02:30 – Adam Crewe demonstrates a shaking table model and the effects of base isolation on shaking buildings. –Here we’ve got a little shaking table and I can actually put earthquakes through that into these models. If I switch on the earthquake now you can see the tall building start to vibrate quite badly – and I’ve built into this a protection system, if I undo the base a little bit and isolate it from the ground you can see now that the ground moves underneath the building and the building stays where it is. If I reconnect it back to the ground the building starts vibrating again.”

03:04            Researcher in testing Laboratory
                      Researcher’s face reflected in computer screen
                      Wider of above
                      Tower model sinking into sand on shaking table 

Guide voice: A good understanding of the dynamics of all structures is essential in designing buildings to withstand earthquakes – the more scientists understand the effect of earthquakes on a wide range of structures the more likely they are to develop and design new protection systems, reducing economic impact and, most importantly, saving lives.

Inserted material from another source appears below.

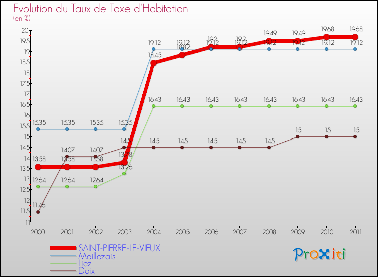 Pendant la même période, les communes françaises similaires à Saint-Pierre-le-Vieux, ont vu leur taux de taxe d'imposition augmenter de 27.53 % en moyenne entre 2000 et 2011.

03:24  SOT: Dr. Vince Coveney: “My dream, if you like, is to have large areas of buildings isolated against earthquakes using various base isolation techniques, so that you have a whole community on a platform and that platform is isolated against earthquakes by base isolation techniques.”

03:47  SOT: Dr. Adam Crewe: “I’m very optimistic about the future of earthquake engineering, we’re already doing very well protecting new buildings and I’m sure that 10 or 20 years down the line we’ll have developed the technologies to protect these older, less well built buildings.”          

04:04  James Brownjohn, Professor of Structural Engineering, University of Plymouth -I believe one of the areas we should be focusing on more and more in the future is the protection of low cost dwelling houses because there is a huge loss of life involved and it’s a relatively small investment.”

04:17            End of cut piece.

Additional Material

These two stories (Fear of a Fat Future and Surviving Earthquakes) are drawn from presentations at the BA (British Association for the Advancement of Science) Festival of Science, held in the city of Exeter from the 4th – 11th Sept. 2004.

This additional material is a series of shots from the Festival showing signage, visitors to the event and a lecture in progress.

Duration of Additional material – 01.00 mins.